I'm afraid this comes with experience and experimentation (note taking) - to find your own sweet spot...
For single flavour recipes, the best is to follow the average single use averages available on ELR and adjust up or down to find your preferred taste profile preference. When using this resource, type the name of your flavour and then look for the the highest number of recipes for that flavour. As per below example, there are many versions of Cap Sweet Strawberry as users can willy-nilly add flavours which leads to duplication.
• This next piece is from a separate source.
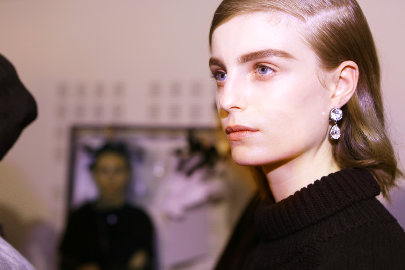 Lucia Pieroni (Clé de Peau): It’s a gorgeous, very chic, handsome-beautiful woman, a little bit like a Lee Miller-type woman. You know, those women in the '30s and '40s that just had these beautifully sculpted faces with big eyes. They were a little bit masculine, didn’t realize wear much makeup, and they were just gorgeous. We’re doing a big, strong, slightly masculine eyebrow, a handsome eyebrow, meaning the arch is quite far out, for a straighter look, and then some highlighter in the usual places, the Luminizing Face Enhancer in #11 and #12. I’m doing a little bit of contouring, but not too much because I think when you have this gorgeous profile, contouring too much can make one look quite deathly. Plus, we wanted to reference the women in the '30s and '40s, who didn’t have time for makeup because they were far too intellectual for all of that, so they would just whack on a red lip, or nothing, and go out. Then, we’re using an eye shadow, the Eye Color Quad in #208, and putting it on the lid and underneath the eye so you can just blend it out. It’s not actually about the eye shadow, it’s about giving the eye, itself , a slight shadow. So there’s no kohl, no lashes, and there’s no mascara, so you still retain the fold of your eyelid. When you curl your lashes and add mascara, you lose that area of the eye, and it’s actually quite beautiful, I think. Mascara can be very pretty—it helps make a very doll-like eye—but if you're trying to get a strong message across, and you do strong makeup and then “pretty' eyes, it's not the most powerful thing. On the lips, we’re just using the Extra Rich Lipstick in #101 which is a super-natural nude color, with a little bit of pink showing through. I honestly don’t think it works on everyone, the nude-red, but how you get around that is by adding a little bit of concealer or foundation to your lip, very lightly around the edge, which blocks out the color of your mouth and then you add a little bit of the nude lipstick, and then it works. You have to make sure that you’ve cancelled out the natural pink of your lip, basically. Today, the girl is very beautiful but she’s kind of boyish at the same time.

So in this example, follow the notes for the one with 70049 recipes as the notes and averages will be based on that sample vs the one above with only 4 comments.




Remember to always start low and work your way up (you can add but not take out). I generally use 10ml bottles to make tasters/experiment with new flavours. I use my old flavour concentrate bottles or you can pick 10ml bottles up at Wespack...

There is no average for flavours per se, as each manufacturer, category and profile is vastly different. A 5% Cap strawberry is completely different form a 5% INW strawberry - this comes from notes, research, recommendations, etc...

Reactions: Like 2 | Agree 1 | Informative 1


----------



## ivc_mixer (20/1/17)

A recommendation for all new DIY vapers out there is to check out some of the youtube vids on flavour profiles. One that helped me a lot in the beginning was DIY or DIE (Wayne). He gives solid reviews on a lot of flavours and helps with percentages, etc. Take notes though as there is a lot of information being offered. The reviews he does is just suggestions, so if he says that for example TFA Strawberry can be used at percentages between 3-4% it does not mean you cannot try it at 5-6%, but do not go to 10% or such unless you do single flavour mix testing in a 10ml bottle or such. Note to the wise, and it is covered in most reviews, FA (Flavor Art) is strong, so almost never go over 2%.

Reactions: Like 1


----------